Patty Timmons Women's Healthcare Scholarship
WinnerHi, my name is Lauryn. I live in Milwaukee, Wisconsin and I am currently working part-time as a medical assistant at Froedtert Hospital while enrolled full-time at Milwaukee Area Technical College for an associate degree in Healthcare Service Management. Balancing work, school, and motherhood is not always easy, but every long day reminds me exactly why I am doing this. I am a single mom of one, and she is the greatest blessing I could ever have. Watching her grow up seeing her mother chase her goals is something I hope shapes who she becomes. I want her to know that no circumstance is too heavy to carry when your purpose is bigger than your challenges.
I first started in the healthcare field as a dietary aid at a nursing home before COVID. That role may seem small on paper, but it changed me in ways I did not expect. Walking those halls every day, delivering meals, and stopping to listen to a resident tell a story they had probably told a hundred times — that was where I found my calling. Working there and building genuine relationships with the residents really shaped my passion for people, especially the elderly. They have so much wisdom, are seen as mentors, and play important roles in people's everyday lives as grandparents, aunts, uncles, and community pillars. That kind of influence is something we can never have too much of.

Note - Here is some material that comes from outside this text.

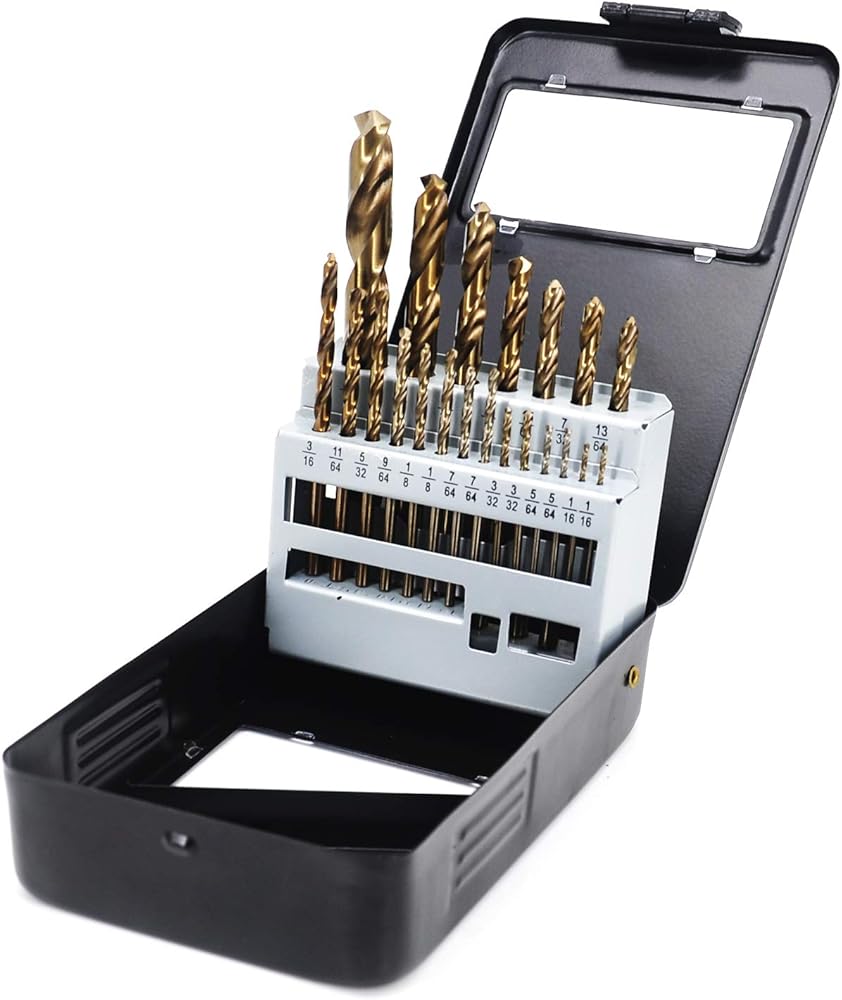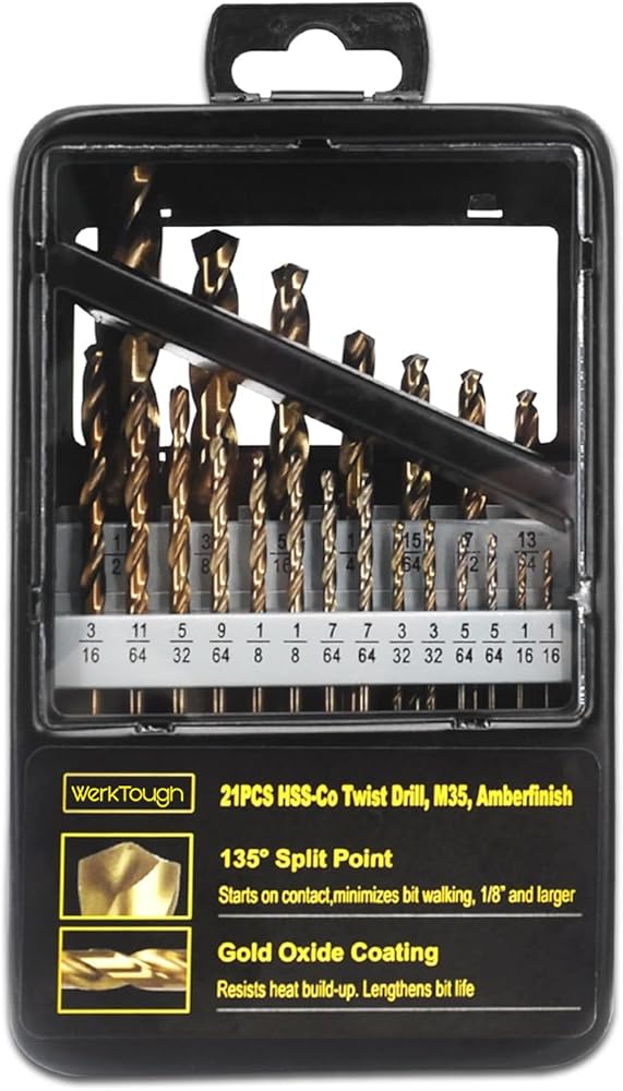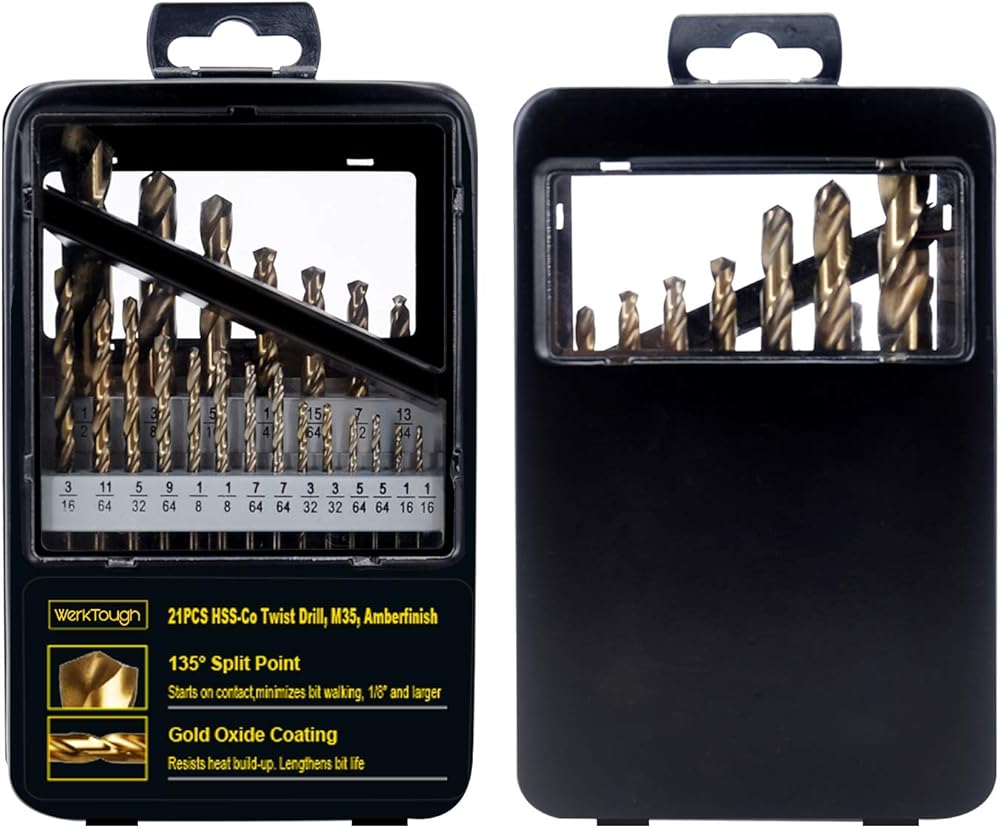مجموعة لقم مثقاب من التيتانيوم من werktough - 21 قطعة M35 Co 5% فولاذ عالي السرعة HSS لسبائك الفولاذ والمعادن الصلبة الأخرى، أرضية بالكامل مع لقم ثقب مقسمة بزاوية 135 درجة في صندوق معدني فاخر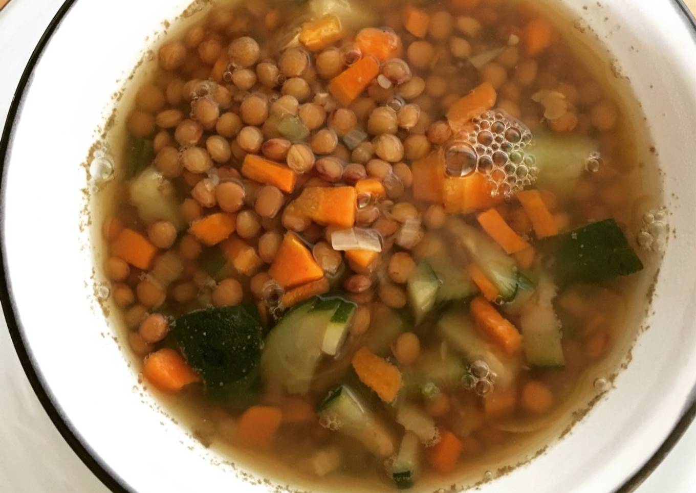 - Pasado unos 30-35 minutos de'hervor, mirar si las verduras y lentejas están cocidas.

Then COVID hit, and I watched how vulnerable we truly were. I saw how quickly isolation, understaffing, and lack of oversight could strip dignity away from people who had spent their entire lives giving to others. I realized that my passion was not just about showing up with a warm smile — it was about making sure the systems around these individuals were working the way they should be. I have a lot of respect for our elders and believe they deserve protection, love, compassion, and a helping hand at the very least. That belief is no longer just personal — it has become my professional mission.
That is what led me to pursue my degree in Healthcare Service Management. I wanted the knowledge and credentials to not only work within these systems but to improve them. My current role as a medical assistant at Froedtert has given me hands-on clinical experience, but my coursework is helping me understand the administrative, regulatory, and operational side of healthcare that I know will be essential to my long-term goals.
My plans in the healthcare field are to own or manage my own nursing home and, beyond that, to launch an inspection agency specifically for nursing homes and group homes. There is a real gap in accountability across these facilities, and families often have no reliable way of knowing whether their loved ones are being treated with the care they deserve. I want to be part of closing that gap — creating a layer of oversight that protects residents and holds facilities to a higher standard. Neglect in long-term care is not just a policy issue; it is a human rights issue, and I intend to treat it that way.
I also want to keep showing up as myself throughout all of it. My personality has created so many meaningful relationships already, and I want them to continue to grow and flourish. I believe that leadership rooted in genuine connection is what this field needs more of — and that is exactly the kind of leader I am working to become. This scholarship would bring me one step closer to making that vision a reality.